Pediatrician's office looked like playground, was allegedly scene of abuse.

KTLA News

February 23, 2010

DOVER, Del. -- Prosecutors expect to add more counts to a lengthy indictment against a Delaware pediatrician charged with serial molestation of 103 children.

A grand jury returned a 160-page indictment Monday against Dr. Earl Bradley of Lewes with 471 counts of sexual crimes.

The case has shocked the close-knit coastal community of Lewes and the central Delaware town of Milford, where Bradley closed an office in 2005 after police investigated him.

Bradley's attorney, Eugene Maurer, said he would seek to move the trial out of Sussex County.

But he said the "real battleground" in the case will be Bradley's mental state, not what is seen on videotapes seized from Bradley's home and office or alleged in the indictment.

Announcing the grand jury's indictment, Attorney General Beau Biden said all of the alleged victims, mainly girls but including one boy, were caught on more than 13 hours of video recordings, some dating to 1998.

"The charges in this indictment are unique in the history of the state of Delaware, as far as I can tell," he said.

The charges against Bradley include rape, sexual exploitation of a child, unlawful sexual contact, continuous sexual abuse of a child, assault and reckless endangering.

Bradley, who was arrested in December and initially charged with 29 felony counts for allegedly abusing nine children, is being held with bail set at $2.9 million.

His medical license was permanently revoked by the state Board of Medical Practice last week.

Maurer said he had not read the indictment but was not surprised by the allegations.

"I'm sure they have their reasons for including all these different victims in this indictment," said Maurer, noting that under state law, a single conviction of rape would be enough to put Bradley behind bars for life.

The indictment alleges Bradley was videotaping his sexual exploitation of patients as far back as December 1998. Many victims were assaulted repeatedly, some on consecutive days, according to the indictment, which alleges that one girl was raped more than a dozen times over a period that lasted more than a year.

Authorities would not say whether they think Bradley had videotaped all of his alleged assaults or whether there may be more victims.

"I expect that we will add to this indictment with new charges over the coming months," Biden said.

He encouraged parents and victims of Bradley, "regardless of age or gender," to contact prosecutors, who have sent out about 3,100 letters to Bradley's patients and set up an office in Lewes to handle complaints and direct potential victims and their families to counseling and other services.

Sussex County prosecutor Paula Ryan declined to say how many alleged victims seen on videotape have been identified by name, or to provide an age range.

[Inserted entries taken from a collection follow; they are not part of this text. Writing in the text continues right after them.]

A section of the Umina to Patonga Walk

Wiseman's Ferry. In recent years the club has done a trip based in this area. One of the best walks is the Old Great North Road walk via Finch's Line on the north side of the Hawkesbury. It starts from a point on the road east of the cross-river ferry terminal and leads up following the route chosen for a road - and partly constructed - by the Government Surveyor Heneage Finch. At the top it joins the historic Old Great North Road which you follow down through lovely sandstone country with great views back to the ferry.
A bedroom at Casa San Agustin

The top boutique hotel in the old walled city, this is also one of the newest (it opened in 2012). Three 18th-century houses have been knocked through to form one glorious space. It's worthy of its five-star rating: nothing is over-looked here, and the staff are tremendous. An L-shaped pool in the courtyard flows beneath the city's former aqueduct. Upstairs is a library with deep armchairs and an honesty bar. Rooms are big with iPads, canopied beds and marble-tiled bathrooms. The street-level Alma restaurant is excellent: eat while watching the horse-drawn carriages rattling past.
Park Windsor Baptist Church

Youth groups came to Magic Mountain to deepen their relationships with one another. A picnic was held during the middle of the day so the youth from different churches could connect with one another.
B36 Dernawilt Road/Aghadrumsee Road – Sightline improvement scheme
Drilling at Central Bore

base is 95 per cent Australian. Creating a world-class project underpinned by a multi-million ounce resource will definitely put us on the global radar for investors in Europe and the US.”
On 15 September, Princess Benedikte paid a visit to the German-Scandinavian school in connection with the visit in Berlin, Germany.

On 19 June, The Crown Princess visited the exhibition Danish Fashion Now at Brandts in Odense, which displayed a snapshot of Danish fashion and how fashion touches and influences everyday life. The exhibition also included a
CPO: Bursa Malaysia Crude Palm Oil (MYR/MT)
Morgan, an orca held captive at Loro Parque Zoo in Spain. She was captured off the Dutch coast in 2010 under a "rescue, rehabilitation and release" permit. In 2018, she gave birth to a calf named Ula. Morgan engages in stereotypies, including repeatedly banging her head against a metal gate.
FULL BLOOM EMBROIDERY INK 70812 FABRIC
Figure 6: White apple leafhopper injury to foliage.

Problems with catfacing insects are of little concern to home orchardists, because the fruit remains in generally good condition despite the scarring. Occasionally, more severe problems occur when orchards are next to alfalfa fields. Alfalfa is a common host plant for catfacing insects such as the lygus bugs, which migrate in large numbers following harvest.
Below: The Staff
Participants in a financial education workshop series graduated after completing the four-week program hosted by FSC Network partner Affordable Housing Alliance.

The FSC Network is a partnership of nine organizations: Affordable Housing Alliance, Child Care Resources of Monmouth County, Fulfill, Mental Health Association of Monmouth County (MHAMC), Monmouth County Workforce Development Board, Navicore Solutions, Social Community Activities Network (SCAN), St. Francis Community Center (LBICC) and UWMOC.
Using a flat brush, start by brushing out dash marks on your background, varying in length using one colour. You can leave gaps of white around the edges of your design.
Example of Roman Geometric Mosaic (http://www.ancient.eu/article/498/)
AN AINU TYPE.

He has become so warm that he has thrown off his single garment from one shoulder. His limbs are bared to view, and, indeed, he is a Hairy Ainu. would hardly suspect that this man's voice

The indictment refers to each alleged victim only as "Jane Doe" or "John Doe."

After years of suspicions among parents and questions about his strange behavior from colleagues, Bradley was arrested after a 2-year-old girl told her mother that the doctor hurt her in December when he took her to a basement room of his office after an exam.

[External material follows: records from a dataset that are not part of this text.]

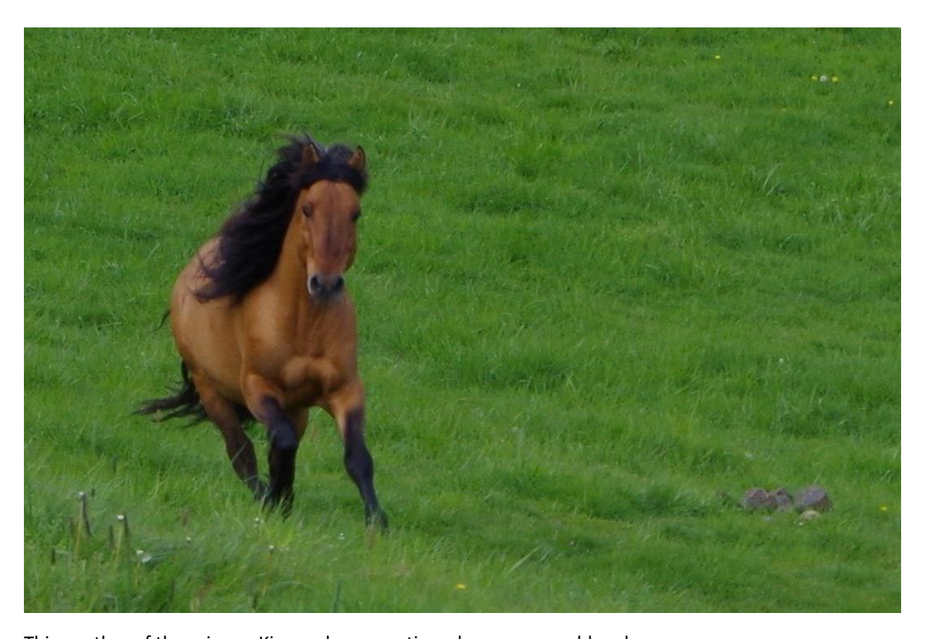
This another of the primary Kiger colors sometimes known as a golden dun.
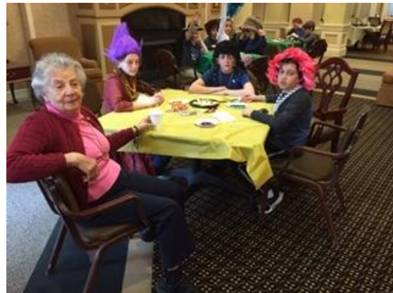
Purim at Creekside...How do we look?
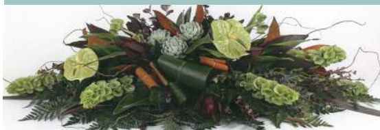
Native Casket Spray 1.2 metres $275
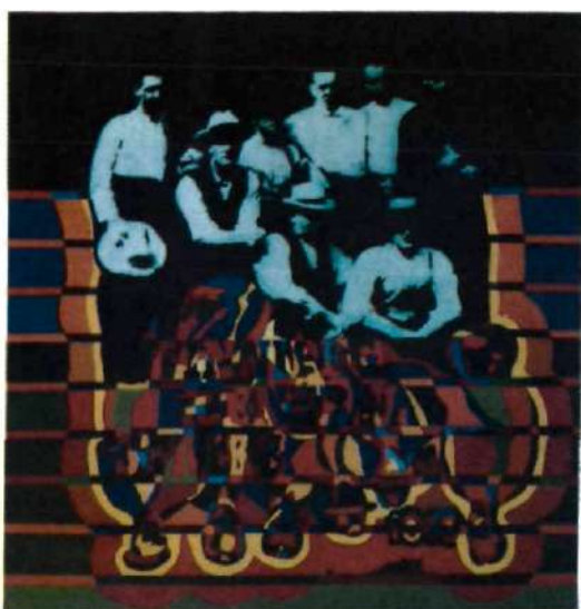
11. Stony Mountain #14, c. 1982. Acrylic and photo on canvas, 4' x 4'.
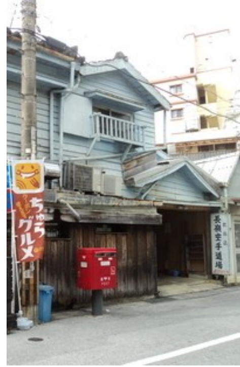
Illustration 1: Honbu Dojo in Okinawa
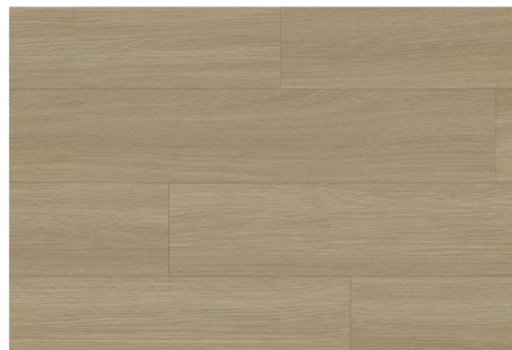
Silverveil Oak(Mercer) AP01

While prosecutors allege regular and repeated abuse by Bradley, the indictment contains a gap of more than a year, from October 2004 to June 2006, in which no alleged crimes are listed.

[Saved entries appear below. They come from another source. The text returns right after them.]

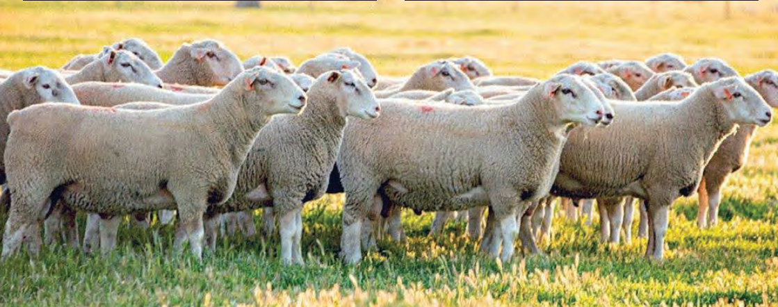
MATERNAL COMPOSITE SALE RAMS
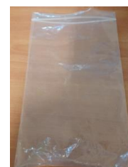
8-5509 Plastic Ziplock bag 190x125
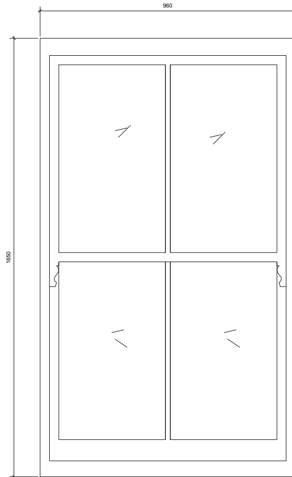
Window B Elevation 1:5 @A1, 1:10@A3
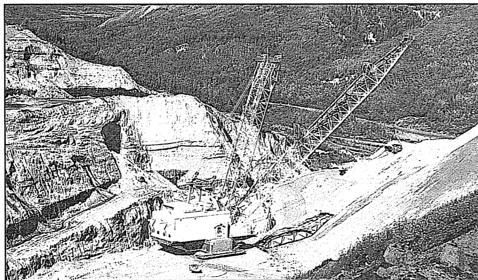
The new Clean Water Initiative will increase the role of the Clean Water Act in all resource industries. The initiative calls for addressing water quality issues through a watershed approach. Pictured above is the Usibelli Coal Mine at Healy.

In addition, the initiative would establish by 2002 more than two million miles of conservation buffers to reduce
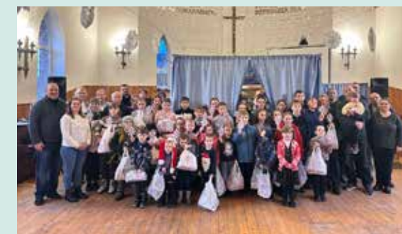
Immanuel's Child outreach in Belarus.

November begins the holiday season, at least here in the U.S. starting with Thanksgiving. Then, before we know it, Christmas time has arrived. The faithful churches SGA serves across the former Soviet Union are busily gearing up for this year's Immanuel's Child outreach, and more are celebrating
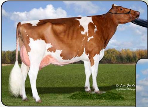
Luck-E Awesome Joy-Red-ET *PO "EX-93" Granddam of Lot 24E
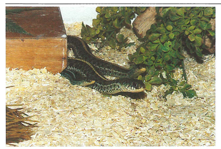
Foto 1: Thamnophis sirtalis similis. Links een man, midden en rechts vrouwen. Man on the left, females in the middle and on the right.
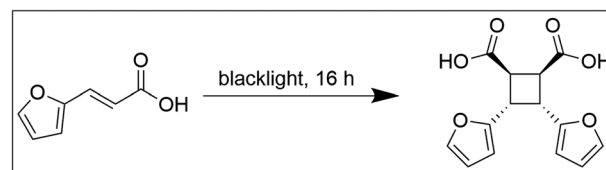
Fig. 1 Scheme of CBDA-2 synthesis from furfural derived trans -3-(2-furyl)acrylic acid.

As an epoxy, we chose epoxidized linseed oil (ELO), a green epoxy matrix with high epoxy units content relative to other natural oils. 16 From previous investigations, 20,34 we know that the highest enthalpy release is observed when a ratio of 0.8 epoxy groups to COOH groups is used. The molecular weight and epoxy group content of ELO was calculated by NMR (spectra in Fig. S2†), and the appropriate amount of CBDA-2 was calculated accordingly (details in the Experimental section). After thorough mixing of ELO and CBDA-2 for a couple of minutes, a brown slush forms (Fig. S3†), which can be poured into a negative mold with the desired shape. The curing behavior of the ELO/CBDA-2 mixture was initially investigated using DSC measurements. A dynamic DSC scan (Fig. S4†) revealed that the reaction starts at around 90 °C, with a peak of DSC heat flow observed at 136 °C, which is proportional to the reaction rate. Furthermore, we observe a T_g of 19 °C for the cured material.
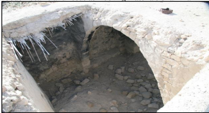
FIGURE 15: Details of roofing layers at Shammakh

Floors are always beaten mud unless natural bed rock is available. Fortunately, some of the rolling stones which had been used to beat the roofs and the floors were left in situ (FIGURE 16).
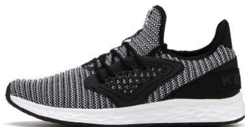
003 - BLACK/WHITE
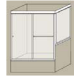
2 panel tub slider & step-up 90 degree return

Circle applicable door configuration and indicate if installation is to be mirror image. Provide all centreline dimensions and indicate any wall/sill outages.

Biden and Gov. Jack Markell have ordered reviews to determine whether doctors, hospitals, state agencies or law enforcement authorities failed to comply with a state law that requires all such entities to report to the medical licensing board in writing within 30 days if they believe a doctor is or "may be" guilty of unprofessional conduct.

Biden said Monday that those investigations are aimed at determining "how this physician could lurk in our midst for as long as he did."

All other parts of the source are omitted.